**EXERCISE PROMPT**
Do not include the pictures; repeat the rest of the data exactly.

**DATA PROVIDED**
================================

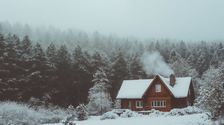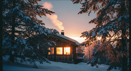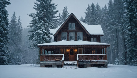 Cozy cabin in the forest surrounded by snow, representing winter travel and tourism
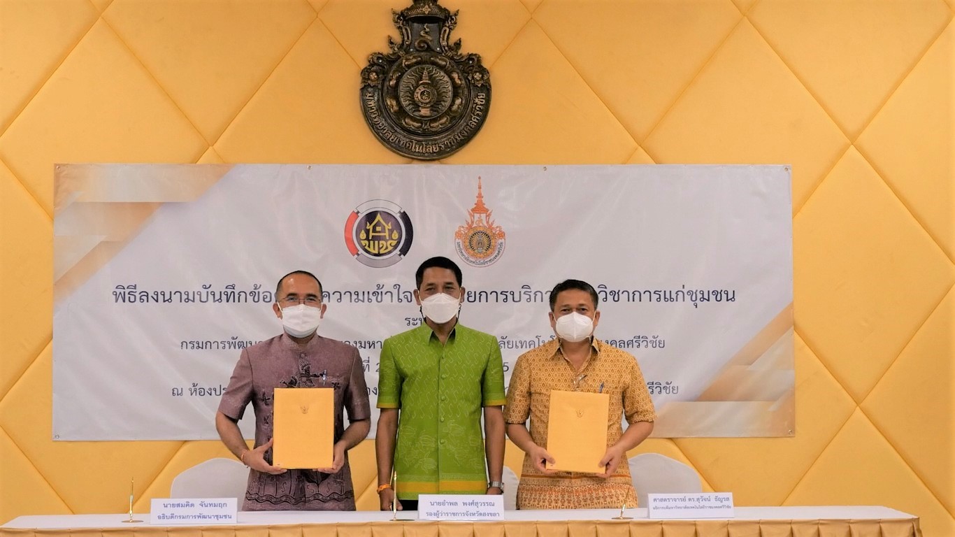 สำหรับการลงนามในครั้งนี้ของทั้งสองหน่วยงาน เกิดความตระหนักในการรับผิดต่อสังคมและความสำคัญในการให้บริการทางวิชาการแก่ชุมชน และมีเจตนารมณ์ร่วมกันในการพัฒนาศักยภาพด้านการเรียนรู้ การพัฒนาองค์ความรู้ ด้านการพัฒนาชุมชน การยกระดับเศรษฐกิจของชุมชน ส่งเสริมการบริการวิชาการแก่ชุมชนและท้องถิ่นด้วยฐานวิทยาศาสตร์เทคโนโลยีและทุนทางวัฒนธรรม รวมทั้งเพื่อให้เกิดการบูรณาการทรัพยากร การจัดการหน่วยงานเครือข่าย การบริการทางวิชาการของมหาวิทยาลัยเทคโนโลยีราชมงคลศรีวิชัยและกรมการพัฒนาชุมชน กระทรวงมหาดไทย ในการพัฒนาทรัพยากรมนุษย์ในระดับต่างๆ ให้เชี่ยวชาญทันเหตุการณ์สอดรับกับสถานการณ์ปัจจุบัน เกิดองค์ความรู้ใหม่ อันเป็นกำลังสำคัญในการพัฒนาระดับชุมชนและระดับภูมิภาคด้วยหลักวิชาการ ทั้งสองฝ่ายจึงเห็นสมควรทำบันทึกข้อตกลงความเข้าใจว่าด้วยการบริการทางวิชาการแก่ชุมชนในพื้นที่ให้บริการทางวิชาการของมหาวิทยาลัยเทคโนโลยีราชมงคลศรีวิชัย ได้แก่ จังหวัดสงขลา จังหวัดนครศรีธรรมราช จังหวัดตรัง จังหวัดสตูล และจังหวัดกระบี่
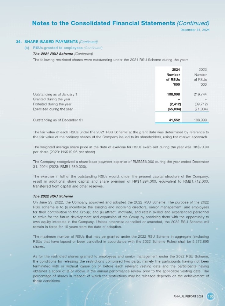 ANNUAL REPORT 2024 165 Notes to the Consolidated Financial Statements (Continued) December 31, 2024 34. SHARE - BASED PAYMENTS (Continued) (b) RSUs granted to employees (Continued) The 2021 RSU Scheme (Continued) The following restricted shares were outstanding under the 2021 RSU Scheme during the year: 2023 2024 Number Number of RSUs of RSUs ’ 000 ’ 000 219,744 108,998 – – (39,712) (2,412) (71,034) (65,034) 108,998 41,552 Outstanding as of January 1 Granted during the year Forfeited during the year Exercised during the year Outstanding as of December 31 The fair value of each RSUs under the 2021 RSU Scheme at the grant date was determined by reference to the fair value of the ordinary shares of the Company issued to its shareholders, using the market approach. The weighted average share price at the date of exercise for RSUs exercised during the year was HK$20.80 per share (2023: HK$19.96 per share). The Company recognized a share - base payment expense of RMB856,000 during the year ended December 31, 2024 (2023: RMB1,589,000). The exercise in full of the outstanding RSUs would, under the present capital structure of the Company, result in additional share capital and share premium of HK $ 1 , 894 , 000 , equivalent to RMB 1 , 712 , 000 , transferred from capital and other reserves . The 2022 RSU Scheme On June 23 , 2022 , the Company approved and adopted the 2022 RSU Scheme . The purpose of the 2022 RSU scheme is to (i) incentivize the existing and incoming directors, senior management, and employees for their contribution to the Group ; and (ii) attract, motivate, and retain skilled and experienced personnel to strive for the future development and expansion of the Group by providing them with the opportunity to own equity interests in the Company . Unless otherwise cancelled or amended, the 2022 RSU Scheme will remain in force for 10 years from the date of adoption . The maximum number of RSUs that may be granted under the 2022 RSU Scheme in aggregate (excluding RSUs that have lapsed or been cancelled in accordance with the 2022 Scheme Rules) shall be 5 , 272 , 695 shares . As for the restricted shares granted to employees and senior management under the 2022 RSU Scheme, the conditions for releasing the restrictions comprised two parts, namely the participants having not been terminated with or without cause on or before each relevant vesting date and the participants having obtained a score of B or above in the annual performance review prior to the applicable vesting date . The percentage of shares in respect of which the restrictions may be released depends on the achievement of those conditions .
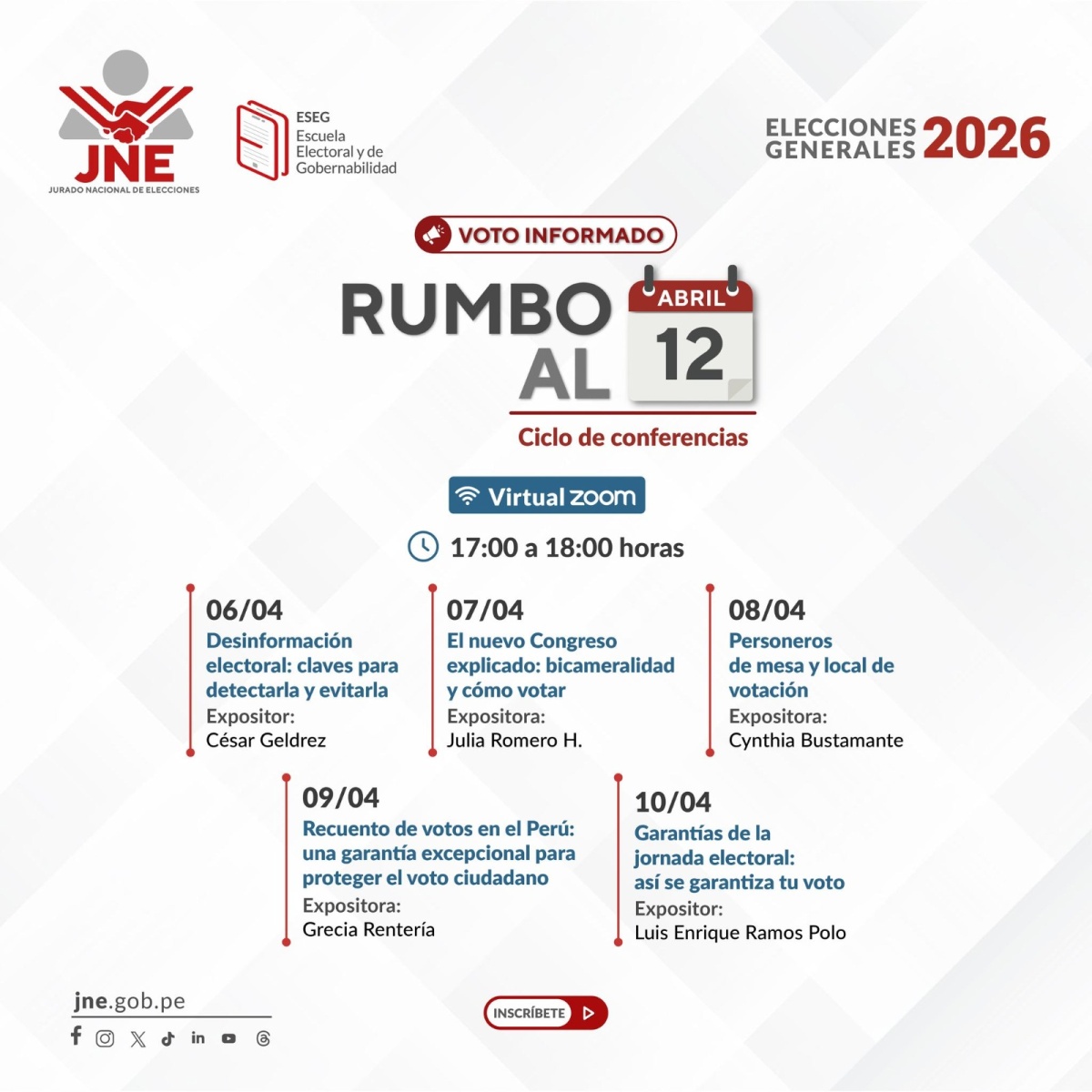 Como parte de este esfuerzo, desde el lunes 5 hasta el viernes 10 de abril se desarrollará un ciclo de conferencias virtuales gratuitas a las 5:00 p. m., a través de la plataforma Zoom. En estas sesiones se abordarán temas clave como la bicameralidad —incluyendo las diferencias entre senadores y diputados—, las garantías del proceso electoral y el sistema de recuento de votos.

================================

**COMPLETED EXERCISE**
 Cozy cabin in the forest surrounded by snow, representing winter travel and tourism
 สำหรับการลงนามในครั้งนี้ของทั้งสองหน่วยงาน เกิดความตระหนักในการรับผิดต่อสังคมและความสำคัญในการให้บริการทางวิชาการแก่ชุมชน และมีเจตนารมณ์ร่วมกันในการพัฒนาศักยภาพด้านการเรียนรู้ การพัฒนาองค์ความรู้ ด้านการพัฒนาชุมชน การยกระดับเศรษฐกิจของชุมชน ส่งเสริมการบริการวิชาการแก่ชุมชนและท้องถิ่นด้วยฐานวิทยาศาสตร์เทคโนโลยีและทุนทางวัฒนธรรม รวมทั้งเพื่อให้เกิดการบูรณาการทรัพยากร การจัดการหน่วยงานเครือข่าย การบริการทางวิชาการของมหาวิทยาลัยเทคโนโลยีราชมงคลศรีวิชัยและกรมการพัฒนาชุมชน กระทรวงมหาดไทย ในการพัฒนาทรัพยากรมนุษย์ในระดับต่างๆ ให้เชี่ยวชาญทันเหตุการณ์สอดรับกับสถานการณ์ปัจจุบัน เกิดองค์ความรู้ใหม่ อันเป็นกำลังสำคัญในการพัฒนาระดับชุมชนและระดับภูมิภาคด้วยหลักวิชาการ ทั้งสองฝ่ายจึงเห็นสมควรทำบันทึกข้อตกลงความเข้าใจว่าด้วยการบริการทางวิชาการแก่ชุมชนในพื้นที่ให้บริการทางวิชาการของมหาวิทยาลัยเทคโนโลยีราชมงคลศรีวิชัย ได้แก่ จังหวัดสงขลา จังหวัดนครศรีธรรมราช จังหวัดตรัง จังหวัดสตูล และจังหวัดกระบี่
 ANNUAL REPORT 2024 165 Notes to the Consolidated Financial Statements (Continued) December 31, 2024 34. SHARE - BASED PAYMENTS (Continued) (b) RSUs granted to employees (Continued) The 2021 RSU Scheme (Continued) The following restricted shares were outstanding under the 2021 RSU Scheme during the year: 2023 2024 Number Number of RSUs of RSUs ’ 000 ’ 000 219,744 108,998 – – (39,712) (2,412) (71,034) (65,034) 108,998 41,552 Outstanding as of January 1 Granted during the year Forfeited during the year Exercised during the year Outstanding as of December 31 The fair value of each RSUs under the 2021 RSU Scheme at the grant date was determined by reference to the fair value of the ordinary shares of the Company issued to its shareholders, using the market approach. The weighted average share price at the date of exercise for RSUs exercised during the year was HK$20.80 per share (2023: HK$19.96 per share). The Company recognized a share - base payment expense of RMB856,000 during the year ended December 31, 2024 (2023: RMB1,589,000). The exercise in full of the outstanding RSUs would, under the present capital structure of the Company, result in additional share capital and share premium of HK $ 1 , 894 , 000 , equivalent to RMB 1 , 712 , 000 , transferred from capital and other reserves . The 2022 RSU Scheme On June 23 , 2022 , the Company approved and adopted the 2022 RSU Scheme . The purpose of the 2022 RSU scheme is to (i) incentivize the existing and incoming directors, senior management, and employees for their contribution to the Group ; and (ii) attract, motivate, and retain skilled and experienced personnel to strive for the future development and expansion of the Group by providing them with the opportunity to own equity interests in the Company . Unless otherwise cancelled or amended, the 2022 RSU Scheme will remain in force for 10 years from the date of adoption . The maximum number of RSUs that may be granted under the 2022 RSU Scheme in aggregate (excluding RSUs that have lapsed or been cancelled in accordance with the 2022 Scheme Rules) shall be 5 , 272 , 695 shares . As for the restricted shares granted to employees and senior management under the 2022 RSU Scheme, the conditions for releasing the restrictions comprised two parts, namely the participants having not been terminated with or without cause on or before each relevant vesting date and the participants having obtained a score of B or above in the annual performance review prior to the applicable vesting date . The percentage of shares in respect of which the restrictions may be released depends on the achievement of those conditions .
 Como parte de este esfuerzo, desde el lunes 5 hasta el viernes 10 de abril se desarrollará un ciclo de conferencias virtuales gratuitas a las 5:00 p. m., a través de la plataforma Zoom. En estas sesiones se abordarán temas clave como la bicameralidad —incluyendo las diferencias entre senadores y diputados—, las garantías del proceso electoral y el sistema de recuento de votos.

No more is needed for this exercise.